The activity of many proteins is controlled through phosphorylation by kinases and dephosphorylation by phosphatases. Overactive kinases are one of the major drivers of tumors and, as a result, kinase inhibitors are a mainstay of oncology drug development.
But “activation of the brakes, the phosphatases, could be equally therapeutically viable for the treatment of a broad range of cancers” to kinase inhibition, Goutham Narla told the audience at the 2020 American Association for Cancer Research (AACR) meeting.
Overall, phosphatases have been less well explored than kinases, and most targeting has been in the form of inhibitors, which tend to be easier to develop than activators.
Src homology region 2-containing protein tyrosine phosphatase 2 (Shp2) inhibitors, for example, are being developed for the treatment of KRAS-driven cancers. At a session on “Advances in Cancer Drug Design and Discovery,” Astex Pharmaceuticals Inc.’s Christopher Johnson gave an overview of using fragment-based drug design to identify SHP2 inhibitors.
Narla is division chief of genetic medicine at the University of Michigan and scientific founder of Rappta Therapeutics Inc., a startup devoted to the development of activators for a family of phosphatases that collectively go by the name protein phosphatase 2A (PP2A).

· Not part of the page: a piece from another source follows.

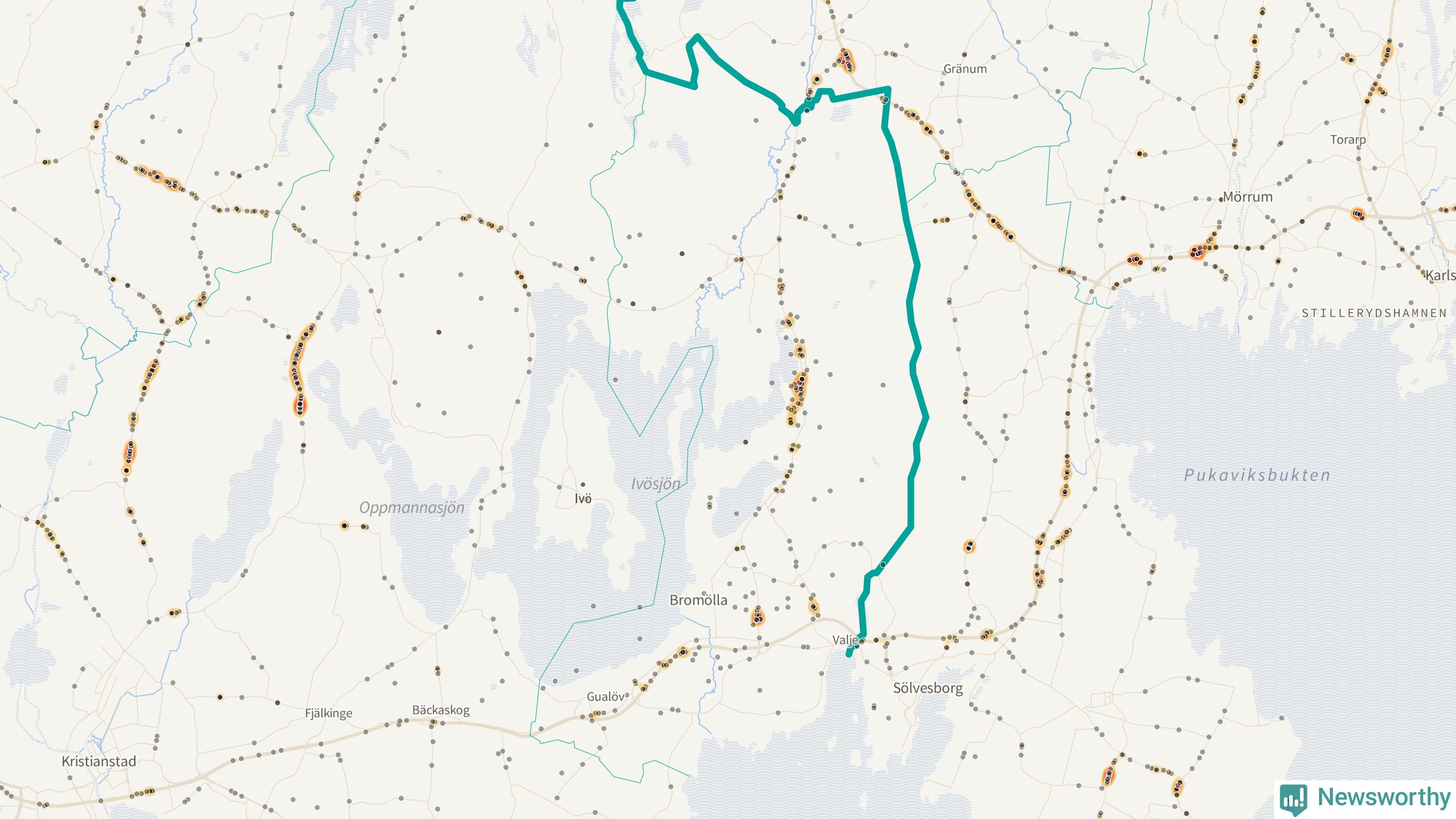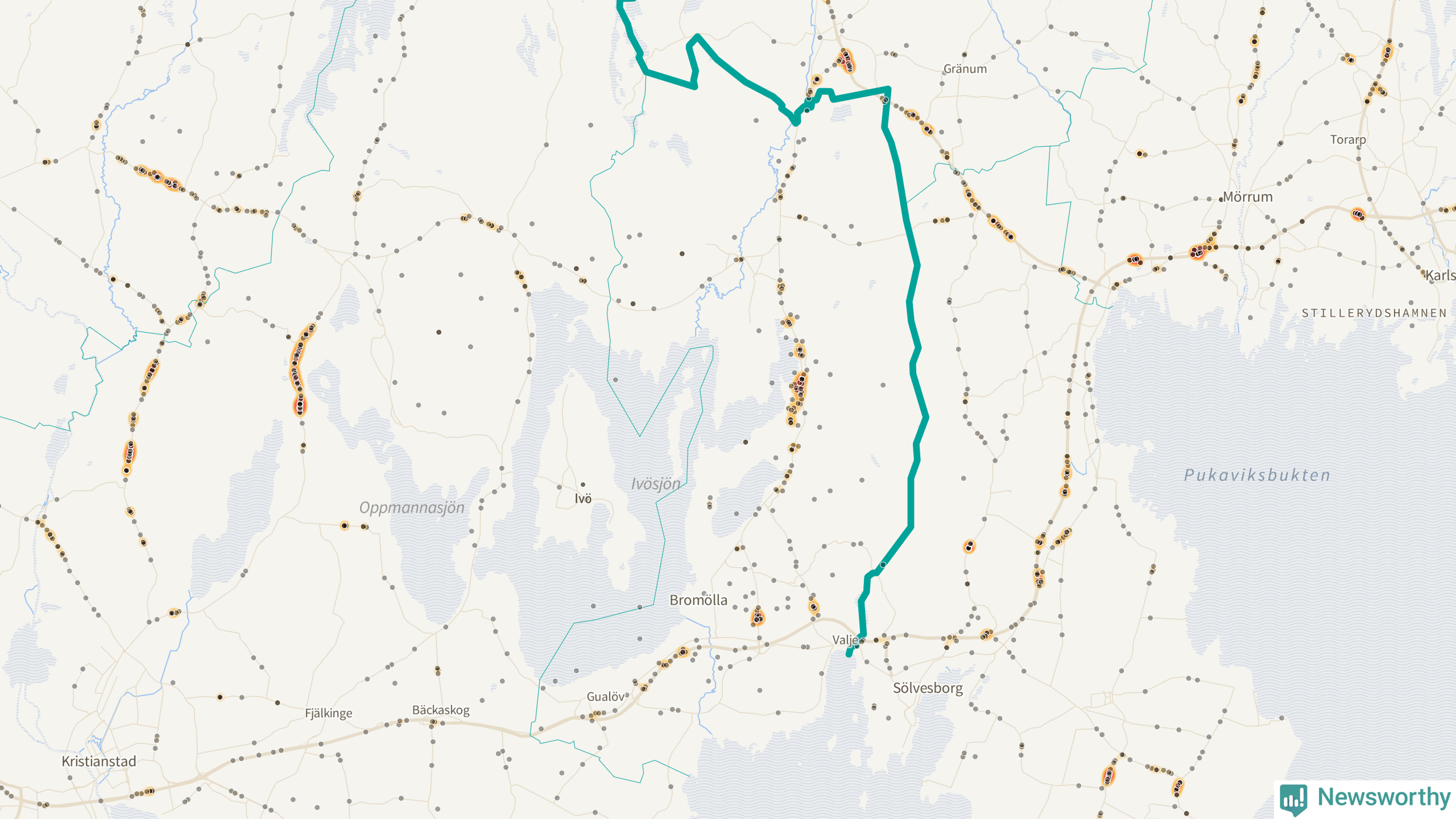 Flest olyckor i kommunen – 74 stycken – har skett längs väg 116. Av dessa orsakades 40 av rådjur. Längs E22 har 19 viltolyckor rapporterats under motsvarande period.

PP2A phosphatases consist of a scaffold subunit that binds a catalytic subunit, and one of 20 different regulatory subunits that account for what Narla called the “extraordinary substrate diversity” of PP2As, which collectively have a hand in more than half of all cellular dephosphorylation events.
Given its outsize role in cellular dephosphorylation, it is not surprising that PP2A is also deregulated in many different pathological processes. And if phosphatases as a whole are undertargeted, PP2A has gotten relatively generous attention from biopharma.
However, Narla said, his team has developed direct binders of a specific form of PP2A that he argues differentiates them from the pack.
In his talk, he described an activator, DT-061, that stabilizes PP2A by binding enzymes that contain the regulatory subunit B56-a.
DT-061 is highly specific to that particular regulatory subunit, Narla explained, because “closely related family members…. have a lysine at the 256 position” that forms a salt bridge and keeps DT-061 from binding in a pocket that is open in the B56-a subunit, which has the amino acid threonine in position 256.
When DT-061 binds, it exerts a stabilizing effect on the phosphatase that increases its activity. The B56-a containing subunit has the transcription factor Myc as one of its targets and, in animal models, treatment with the inhibitor was able to block the growth of Myc-driven cancers, including triple-negative breast cancer and Burkitt’s lymphoma. A genetically engineered version of Myc that was impervious to PP2A was not affected by DT-061.
The team published those results, which were obtained in collaboration with researchers at Case Western Reserve University, in the April 20, 2020, issue of Cell. In his talk at AACR, Narla also described screening studies in which his team looked for synergistic relationships that could suggest combination partners.
Those studies suggested that a PP2A activator would be synergistic with MEK inhibitors. MEK is a downstream member of the pathway that begins with Ras/Raf. FDA-approved MEK inhibitors include Mekinist (trametinib, Novartis AG) Mektovi (binimetinib, Array Biopharma), Cotellic (cobimetinib, Roche Holding AG) and, as of April 10, Koselugo (selumetinib, Astrazeneca plc/Merck & Co. Inc.).